Processing and plotting The following parameters may be used:
— size: 64 K (zero-filling);
— window multiplication: exponential;
— Lorentzian broadening factor: 0.2 Hz.
Use the CDCl3 signal for shift referencing. The shift of the central peak of the 1:1:1 triplet is set to 77.16 ppm.
Plot the spectral region δ 171.5-173.5 ppm. Compare the spectrum with the reference spectrum in Figure 1910.-2. The shift values lie within the ranges given in Table 1910.-1.
1. C14:0 5. C18:0 9. C18:3 n-3 13. C20:4 n-3 17. C22:5 n-6
2. C16:0 6. C18:1 n-9 10. C18:4 n-3 14. EPA 18. C22:5 n-3
3. C16:1 n-7 7. C18:1 n-7 11. C20:1 n-9 15. C22:1 n-11 19. DHA
4. C16:4 n-1 8. C18:2 n-6 12. C20:4 n-6 16. C21:5 n-3
Figure 1910.-1. – Chromatogram for the composition of fatty acids in farmed salmon oil
Table 1910.-1. – Shift values
| Signal | Shift range (ppm) |
| β DHA | 172.05 – 172.09 |
| α DHA | 172.43 – 172.47 |
| β EPA | 172.52 – 172.56 |
| α EPA | 172.90 – 172.94 |
| β C18:4 | 172.56 – 172.60 |
| α C18:4 | 172.95 – 172.99 |
1. α C18:4 2. α EPA 3. β C18:4 4. β EPA 5. α DHA 6. β DHA
Figure 1910.-2. – C NMR spectrum: carbonyl region of farmed salmon oil
System suitability:
— signal-to-noise ratio: minimum 5 for the smallest relevant peak corresponding to α C18:4 signal (in
the range δ 172.95-172.99 ppm);
— peak width at half-height maximum 0.02 ppm for the central CDCl3 signal (at δ 77.16 ppm).

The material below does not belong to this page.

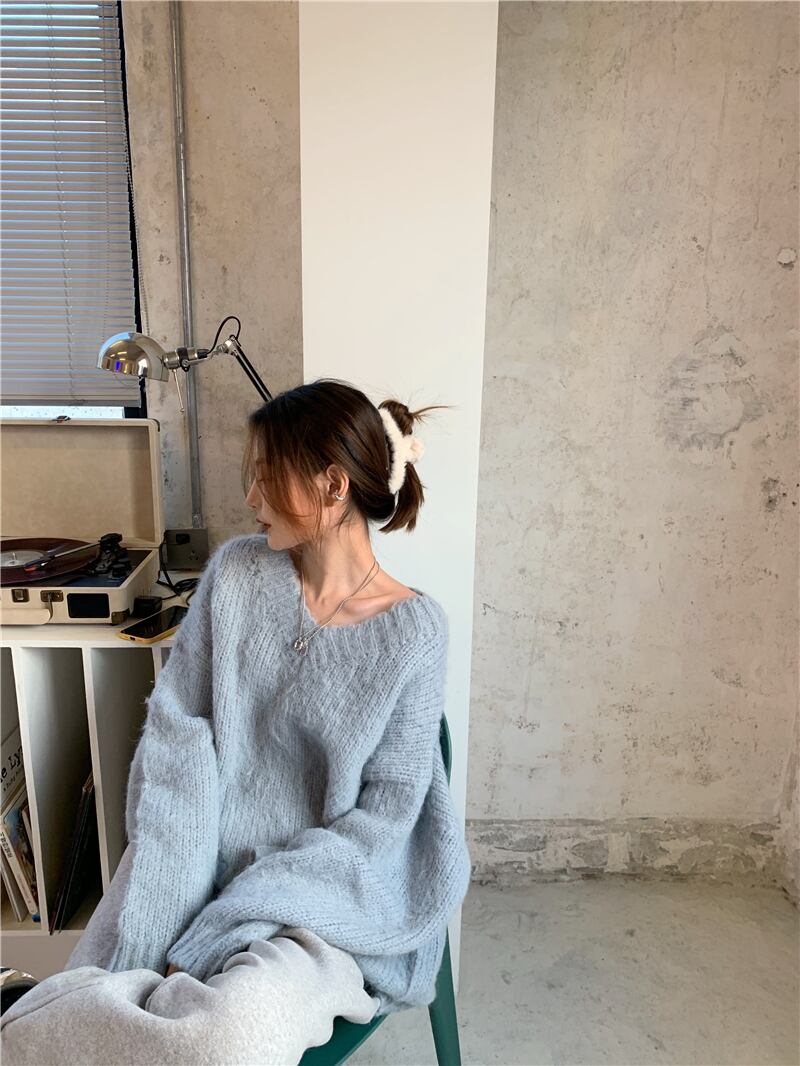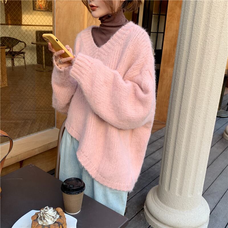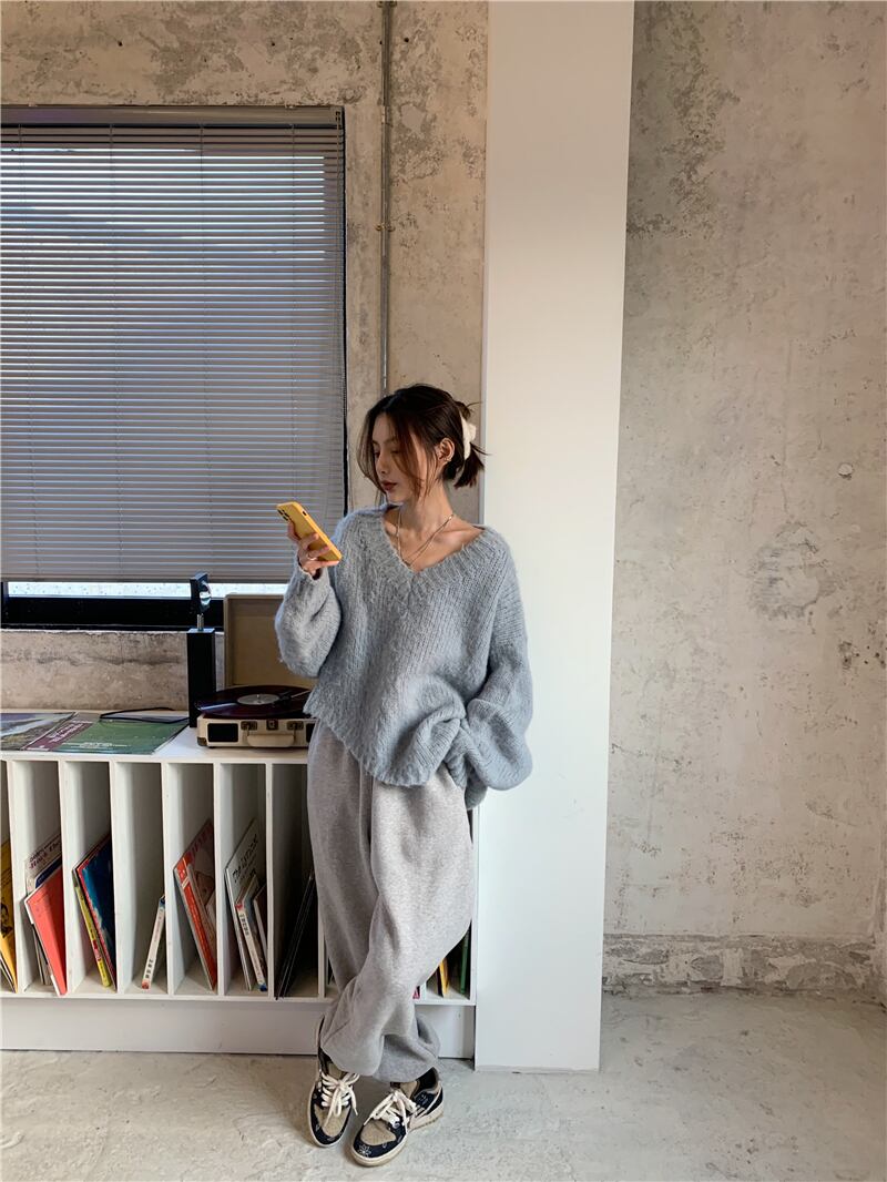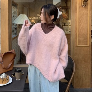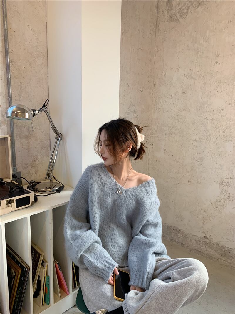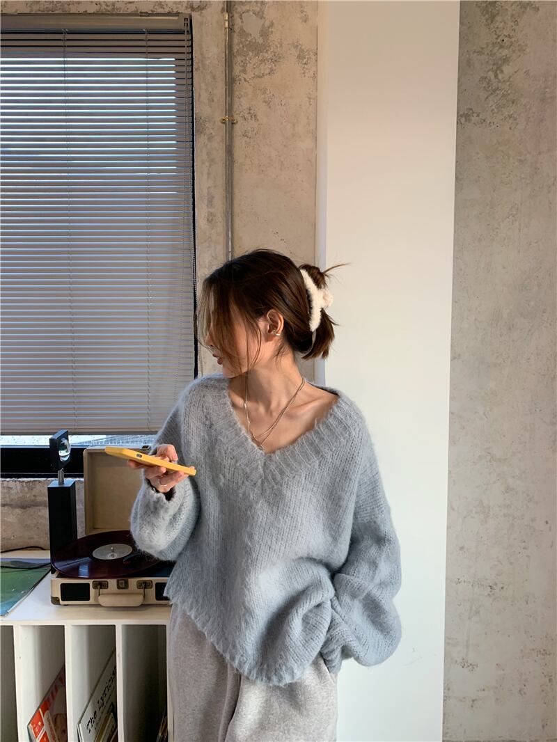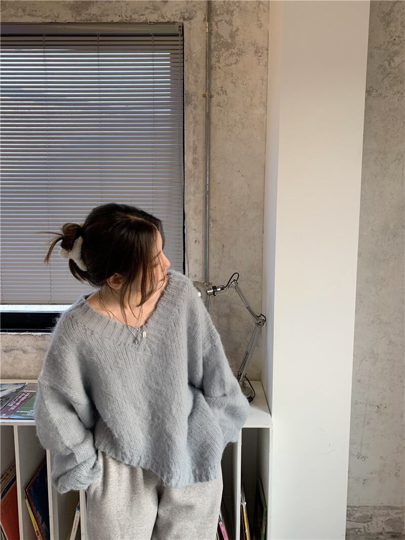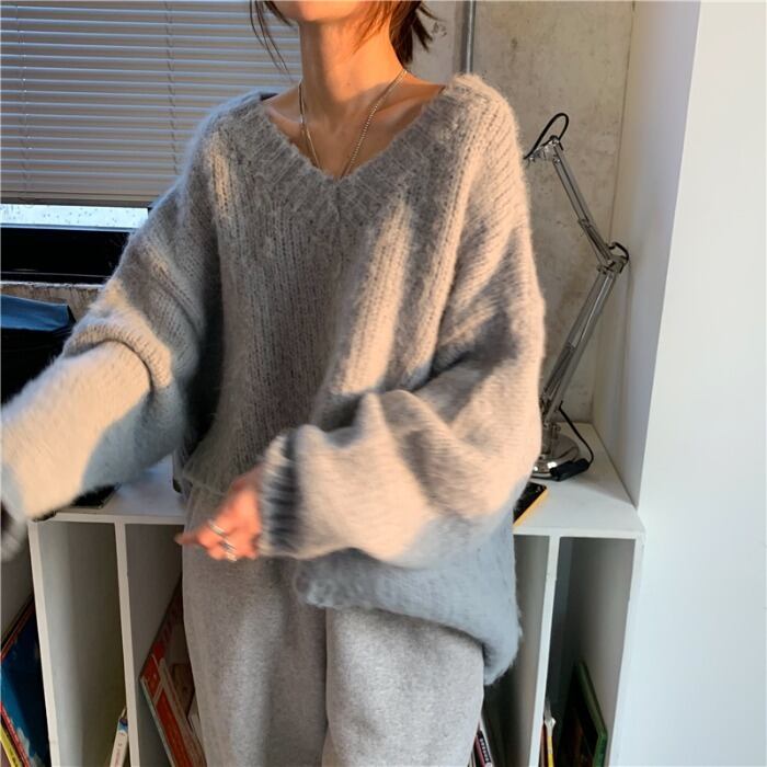 スタンダードVネックセーター レディースルーズオータムウィンタースタイルシャツ ニットトップス レトロ 秋物 冬物 モンロー11248046216

Calculation of positional distribution (β(2)-acyl) Use the following expression:
β/α+β × 100
α = peak area of the corresponding α-carbonyl peak;
β = peak area of β-carbonyl peak from C22:6 n-3, C20:5 n-3 or C18:4 n-3, respectively.
Limits:
— cervonic (docosahexaenoic) acid (C22:6 n-3; DHA): 60 per cent to 70 per cent;
— timnodonic (eicosapentaenoic) acid (C20:5 n-3; EPA): 25 per cent to 35 per cent;
— moroctic acid (C18:4 n-3): 40 per cent to 55 per cent.
EPA and DHA (2.4.29)
See Figure 1910.-1.
STORAGE
In an airtight, well-filled container, protected from light, under inert gas.
LABELLING
The label states:
— the concentration of EPA and DHA, expressed as triglycerides.